Dataset records:
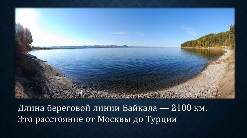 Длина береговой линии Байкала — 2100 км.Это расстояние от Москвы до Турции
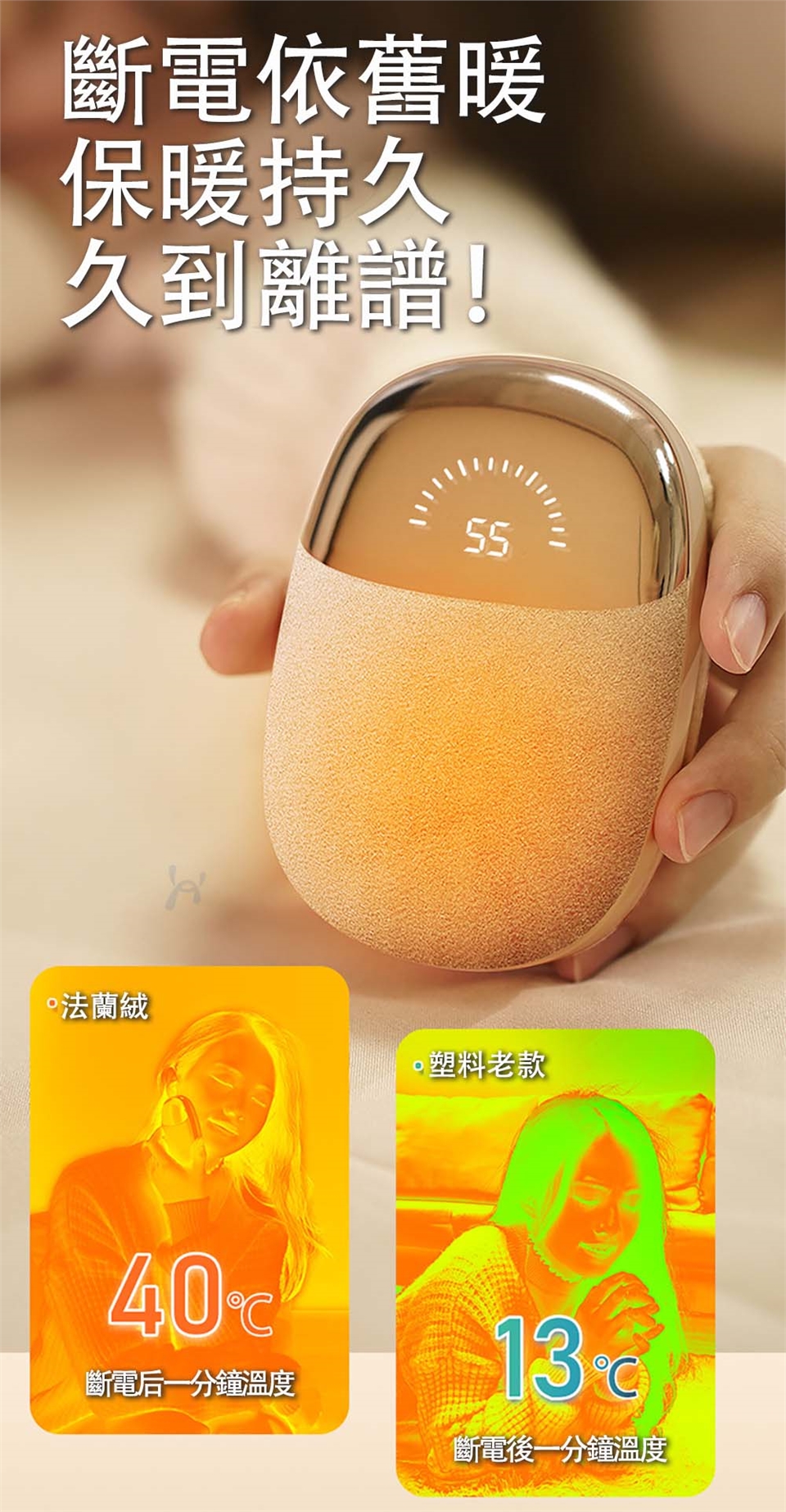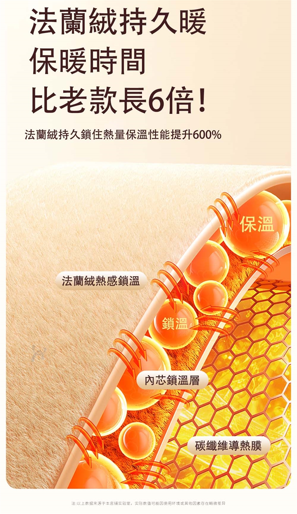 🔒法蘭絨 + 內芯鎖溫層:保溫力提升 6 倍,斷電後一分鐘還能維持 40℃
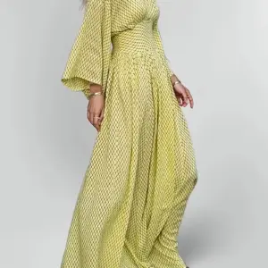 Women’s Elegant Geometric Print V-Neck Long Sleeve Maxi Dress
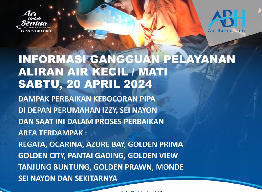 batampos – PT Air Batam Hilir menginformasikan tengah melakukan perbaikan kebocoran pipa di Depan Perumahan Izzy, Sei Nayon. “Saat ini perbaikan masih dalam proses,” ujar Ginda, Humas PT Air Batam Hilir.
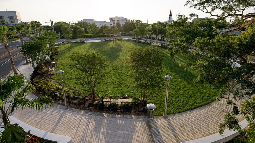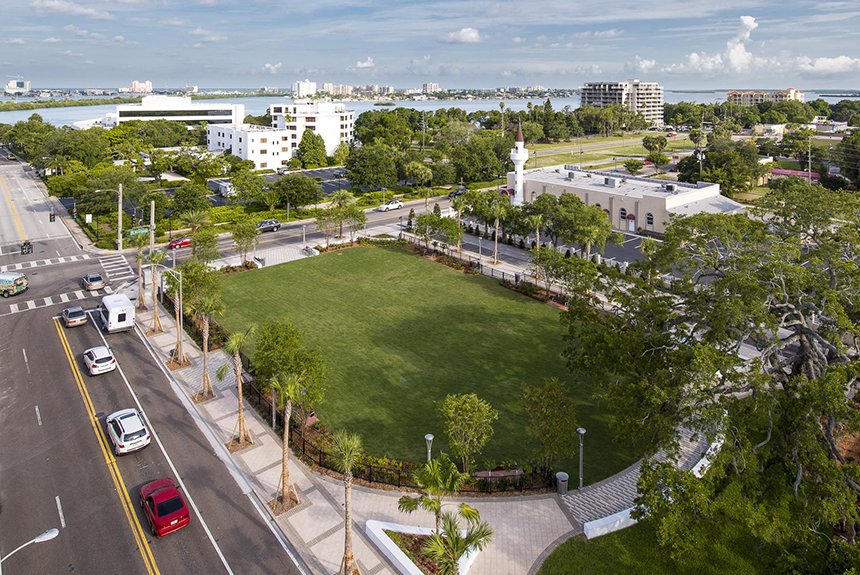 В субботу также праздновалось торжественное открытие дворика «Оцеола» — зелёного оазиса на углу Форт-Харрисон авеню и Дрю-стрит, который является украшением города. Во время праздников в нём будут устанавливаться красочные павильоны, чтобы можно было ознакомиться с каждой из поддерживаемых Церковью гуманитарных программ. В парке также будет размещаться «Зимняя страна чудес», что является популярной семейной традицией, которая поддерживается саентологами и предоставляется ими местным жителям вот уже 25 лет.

YOUR OBJECTIVE: Please give an exact copy of the lines from the line containing "6 倍,斷電後一分鐘還能維持 40℃" through the end of the records above, pictures excluded.

EXERCISE SOLUTION:
 🔒法蘭絨 + 內芯鎖溫層:保溫力提升 6 倍,斷電後一分鐘還能維持 40℃
 Women’s Elegant Geometric Print V-Neck Long Sleeve Maxi Dress
 batampos – PT Air Batam Hilir menginformasikan tengah melakukan perbaikan kebocoran pipa di Depan Perumahan Izzy, Sei Nayon. “Saat ini perbaikan masih dalam proses,” ujar Ginda, Humas PT Air Batam Hilir.
 В субботу также праздновалось торжественное открытие дворика «Оцеола» — зелёного оазиса на углу Форт-Харрисон авеню и Дрю-стрит, который является украшением города. Во время праздников в нём будут устанавливаться красочные павильоны, чтобы можно было ознакомиться с каждой из поддерживаемых Церковью гуманитарных программ. В парке также будет размещаться «Зимняя страна чудес», что является популярной семейной традицией, которая поддерживается саентологами и предоставляется ими местным жителям вот уже 25 лет.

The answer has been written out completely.